[plug] dmraid vs mdadm

Alexander Hartner alex at j2anywhere.com
Sun Mar 4 18:04:12 WST 2012


Got it all working. Thanks for all your help

I put together detailed instructions for Gentoo here :

http://iweb.j2anywhere.com/RAID_Installation.pdf

Have fun
Alex

On 04/03/2012, at 16:12 , Tim White wrote:

> On 03/03/12 22:54, Alexander Hartner wrote:
>> 
>> Hi Tim
>> 
>> Thanks for your post. I tried this several times now, but everytime I boot of the Live CD I get md125 again. I have't been able to boot of hard drive as I keep on getting a kernel panic on boot up. I suspect the panic is caused by the kernel also not being able to find the correct md devices. I tried running the commands 
>>  mdadm -S /dev/md125
>>  mdadm -A /dev/md1 --update=super-minor
>> But they didn't fix the issue. Still on every reboot from LiveCD I get back to md125.
> 
> This is due to the LiveCD not "knowing" about the array so it mounts it as md125 etc. (Its the auto assembling of the array that is the problem).
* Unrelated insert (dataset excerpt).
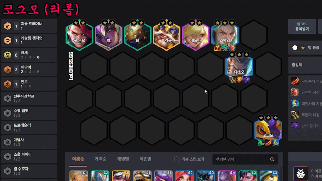 - 立ち回り:レベル7でスウェイン、ヤスオ、コグ=マウの3体の★3を目指す。

The update super-minor stuff will assign it the correct "name", but it's still up to the initramfs to mount it correctly, and it uses mdadm.conf to know which number it should be. So after doing an update super-minor, you'll need to chroot into the new install, and update the mdadm.conf file AND the same file in the initramfs (see Brian's post for some info on that). There is a command to auto create the mdadm.conf file, but you'll need to google for that.
>> <snip>
> 
>> and a reboot, fdisk now reports that the partition table for mdX is not valid. 
>> 
>> Disk /dev/md127: 995.6 GB, 995640344576 bytes
>> 2 heads, 4 sectors/track, 243076256 cylinders, total 1944610048 sectors
>> Units = sectors of 1 * 512 = 512 bytes
>> Sector size (logical/physical): 512 bytes / 4096 bytes
>> I/O size (minimum/optimal): 4096 bytes / 4096 bytes
>> Disk identifier: 0x00000000
>> 
>> Disk /dev/md127 doesn't contain a valid partition table
> 
> There shouldn't be partitions on the raid device (/dev/mdX). The partitions should be on the physical disk (/dev/sdX or /dev/hdX) and essentially /dev/mdX is a partition. You /can/ put partitions on top     of the raid device, same as any other block device, but it's not the recommended way (AFAIK).
> 
> <snip>
>> I wonder why it is not picking up the partition table I created. 
> Try fdisk /dev/sda
>> 
>> I am using Gentoo for this as I really like it. It makes things a little bit more complicated but generally they work, well at least until now they did. 
> I've used Gentoo a long time ago, but never with raid, sorry.
> 
> Hopefully this, with Brians post and some more googleing will help you get running!